Copy out only the lines running from the one that contains "まずYahooの検索窓に、メインのキーワードを入れます。(例:山崎賢人)" through the end of the listing. Pictures stay out.

### RECORDED DATA
========================================

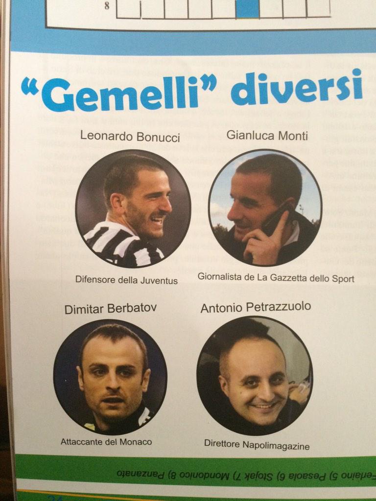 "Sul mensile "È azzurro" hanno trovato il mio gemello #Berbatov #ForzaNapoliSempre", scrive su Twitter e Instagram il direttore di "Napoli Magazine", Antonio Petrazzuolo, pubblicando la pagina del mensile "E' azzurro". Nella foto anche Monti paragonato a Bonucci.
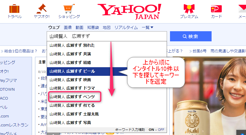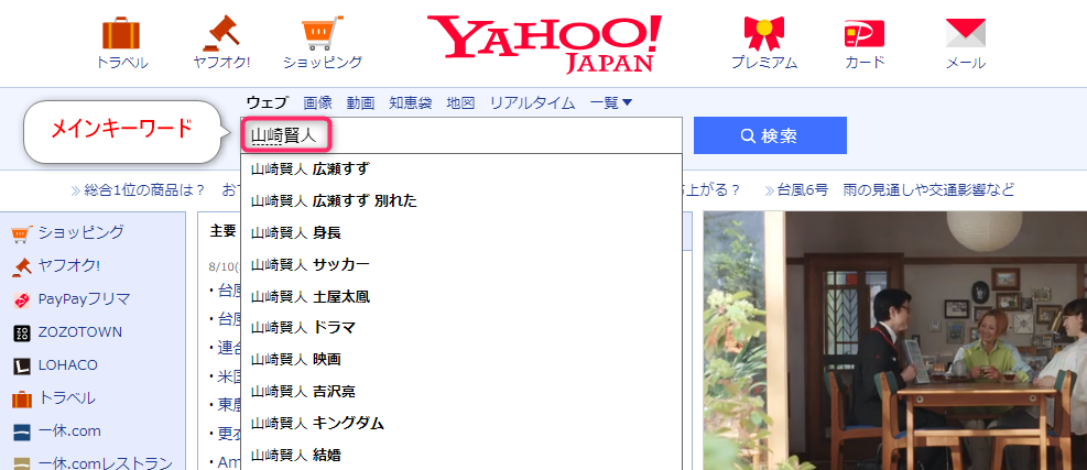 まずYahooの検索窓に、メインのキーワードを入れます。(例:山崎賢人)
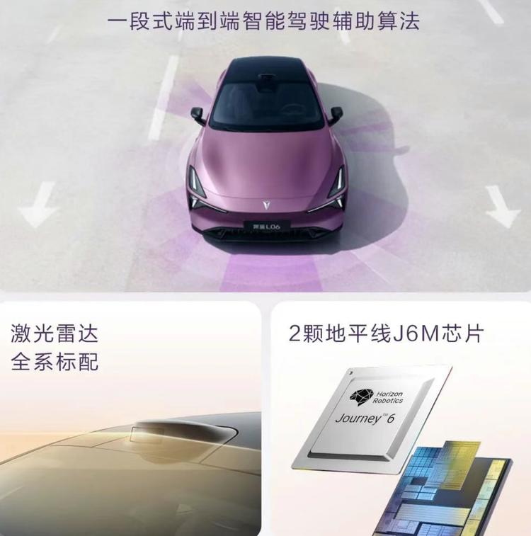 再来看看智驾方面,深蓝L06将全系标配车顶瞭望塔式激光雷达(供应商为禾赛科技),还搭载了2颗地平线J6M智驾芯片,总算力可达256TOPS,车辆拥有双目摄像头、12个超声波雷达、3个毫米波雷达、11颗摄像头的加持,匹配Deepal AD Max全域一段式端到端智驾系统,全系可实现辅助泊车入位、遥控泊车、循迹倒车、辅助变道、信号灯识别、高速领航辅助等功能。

========================================

### EXERCISE RESULT
 まずYahooの検索窓に、メインのキーワードを入れます。(例:山崎賢人)
 再来看看智驾方面,深蓝L06将全系标配车顶瞭望塔式激光雷达(供应商为禾赛科技),还搭载了2颗地平线J6M智驾芯片,总算力可达256TOPS,车辆拥有双目摄像头、12个超声波雷达、3个毫米波雷达、11颗摄像头的加持,匹配Deepal AD Max全域一段式端到端智驾系统,全系可实现辅助泊车入位、遥控泊车、循迹倒车、辅助变道、信号灯识别、高速领航辅助等功能。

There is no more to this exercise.